[Work required] When the line containing "Cranberry Resolution, poliestratto" is found in the data below, give it again along with every later line, exactly; drop the pictures.

[Listed entries]
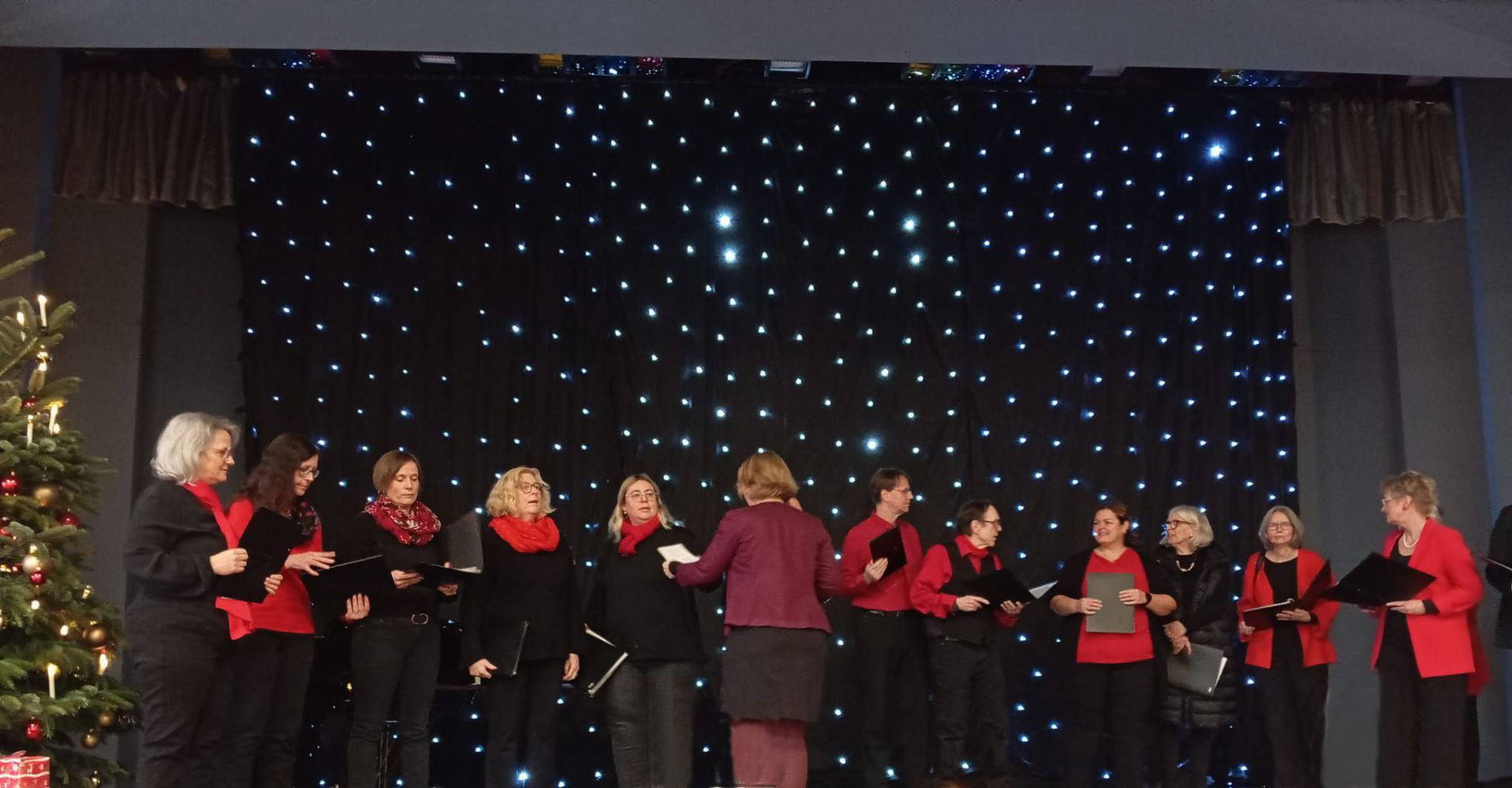 Auch in diesem Jahr traten die Nienharmoniker während des Weihnachtsmarktes der Gemeinde Nienhagen auf. Rund eine halbe Stunde erklangen Advents- und Weihnachtslieder. Imke Ortmann, die Chorleiterin, animierte auch die Zuhörenden zum Mitsingen.
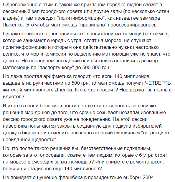 Но что после такого решения вы, безответственные подхалимы, которые за это голосовали, скажете тем людям, которые с 6 утра стоят на морозе в очередях за матпомощью? Или снимете с ремонта школ, больниц и стадионов еще 140 миллионов?
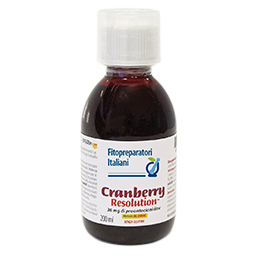 Cranberry Resolution, poliestratto fluido*, è un un Integratore alimentare a base di Cranberry* (Oxycoccus palustri Pers./Vaccinium macrocarpum Aiton) e Propoli*. Il Cranberry si mostra efficace per il benessere delle funzionalità dell'apparato urinario. Il succo naturale estratto dà la colorazione al prodotto ed è privo di ogni altra aggiunta di colorante artificiale.
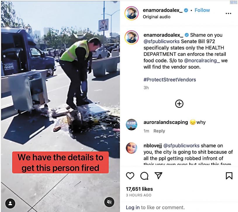 三藩市工務局周一表示,正在調查一起員工將食品攤販的手推車推翻在地一事。
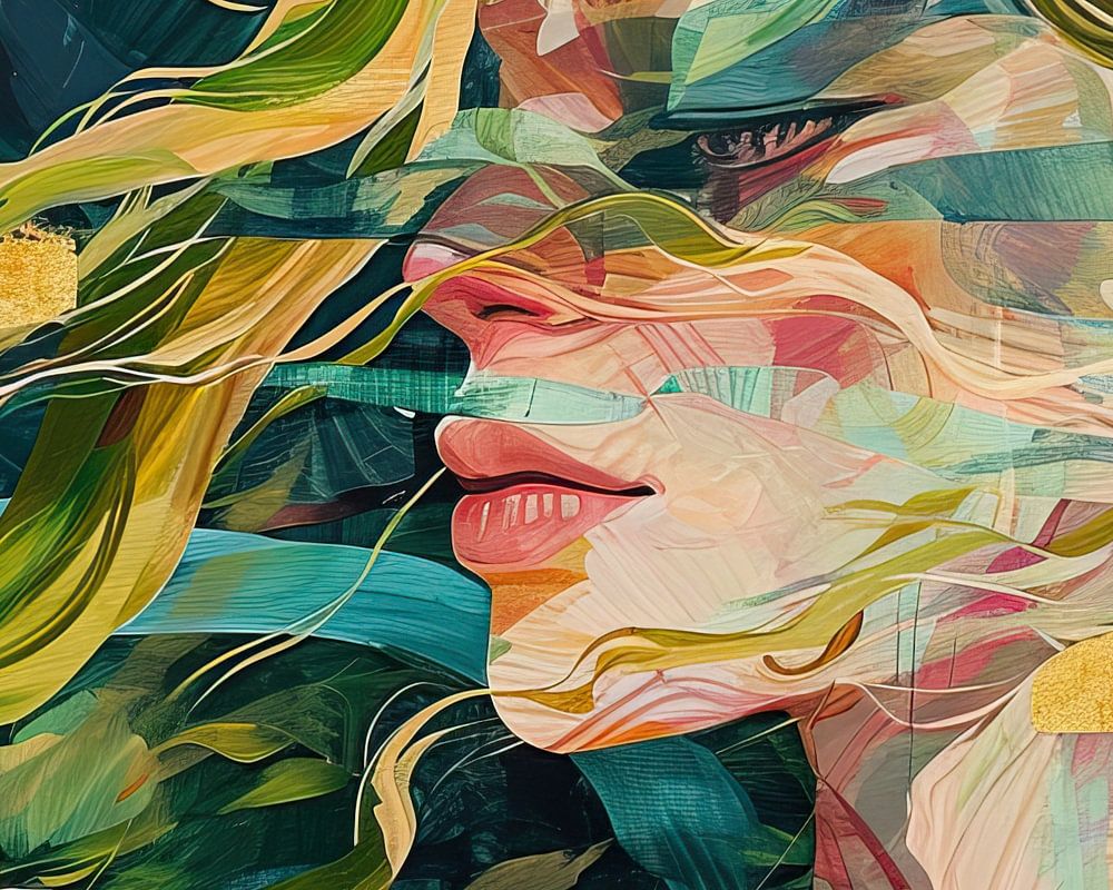Golden Leaves - Dieses lebendige Gemälde fängt ein Gefühl von natürlicher Dynamik ein, indem es ein Porträt in eine abstrakte Landschaft einfügt, in der Blätter die weichen Konturen eines Gesichts zu umspielen scheinen. Die Komposition besteht aus Schichten durchscheinender Farben und Goldakzenten, die zusammen ein harmonisches Zusammenspiel bilden, das sich mühelos zwischen Figur und natürlichen Elementen bewegt.

[Result of the task]
 Cranberry Resolution, poliestratto fluido*, è un un Integratore alimentare a base di Cranberry* (Oxycoccus palustri Pers./Vaccinium macrocarpum Aiton) e Propoli*. Il Cranberry si mostra efficace per il benessere delle funzionalità dell'apparato urinario. Il succo naturale estratto dà la colorazione al prodotto ed è privo di ogni altra aggiunta di colorante artificiale.
 三藩市工務局周一表示,正在調查一起員工將食品攤販的手推車推翻在地一事。
Golden Leaves - Dieses lebendige Gemälde fängt ein Gefühl von natürlicher Dynamik ein, indem es ein Porträt in eine abstrakte Landschaft einfügt, in der Blätter die weichen Konturen eines Gesichts zu umspielen scheinen. Die Komposition besteht aus Schichten durchscheinender Farben und Goldakzenten, die zusammen ein harmonisches Zusammenspiel bilden, das sich mühelos zwischen Figur und natürlichen Elementen bewegt.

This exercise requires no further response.